A subtle point is the choice of $\delta$. Setting $\delta = 1/t$ (yielding the $\ln t$ term in the exploration bonus) is common and theoretically justified. The reasoning uses a union bound: we need the UCB to hold simultaneously across all time steps and all arms. The probability that any arm at any time has its true mean above its UCB is at most $\sum_t \sum_a \delta = KT\delta$. Setting $\delta = 1/(KT)$ or $\delta = 1/t^2$ makes this failure probability negligible.

What about choosing the arm with the highest lower confidence bound—a "pessimistic" approach? This does not ensure low regret. In a two-arm case with similar means, pessimism would consistently avoid the arm with the lower lower-bound, which might be the optimal arm—leading to linear regret for the same reason greedy fails.
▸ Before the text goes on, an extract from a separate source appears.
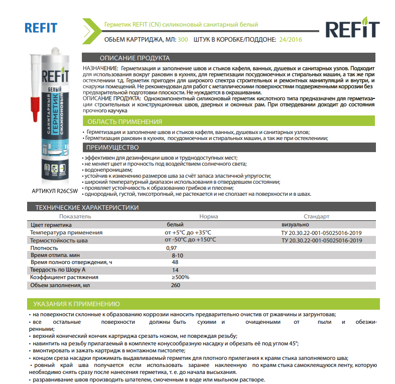 Применяется для герметизации и заполнения швов между керамическими плитками в ванных, душевых и санитарных узлах. Подходит для использования вокруг раковин в кухнях, для герметизации посудомоечных и стиральных машин, а так же при остеклении и т.д. Герметик пригоден для широкого спектра строительных и ремонтных манипуляций и внутри, и снаружи помещений.

Looking Ahead: Bayesian Approaches

UCB is a frequentist approach: it makes no assumptions about prior distributions over the arm parameters. The Bayesian alternative maintains a posterior distribution over each arm's mean reward and uses it to guide exploration. The most prominent example is Thompson sampling (probability matching): at each round, sample a reward estimate from the posterior for each arm and select the arm with the highest sample. Thompson sampling achieves Bayesian regret bounds that match or improve upon UCB in many settings, and it has become widely used due to its simplicity and strong empirical performance. We will explore it in the next lecture.

Summary

This lecture introduced the exploration-exploitation dilemma through the multi-armed bandit—the simplest setting that isolates the tension between learning and acting. We defined regret as the formal performance measure: how much cumulative reward is lost compared to an oracle that always selects the optimal arm.

We examined three algorithmic strategies in order of increasing sophistication:

The key ideas—regret as a performance measure, concentration inequalities for confidence bounds, and optimism in the face of uncertainty—are not limited to bandits. Next lecture, we will see how they extend to the full MDP setting, enabling data-efficient RL algorithms that achieve low regret even when the agent must plan over sequences of decisions with delayed rewards.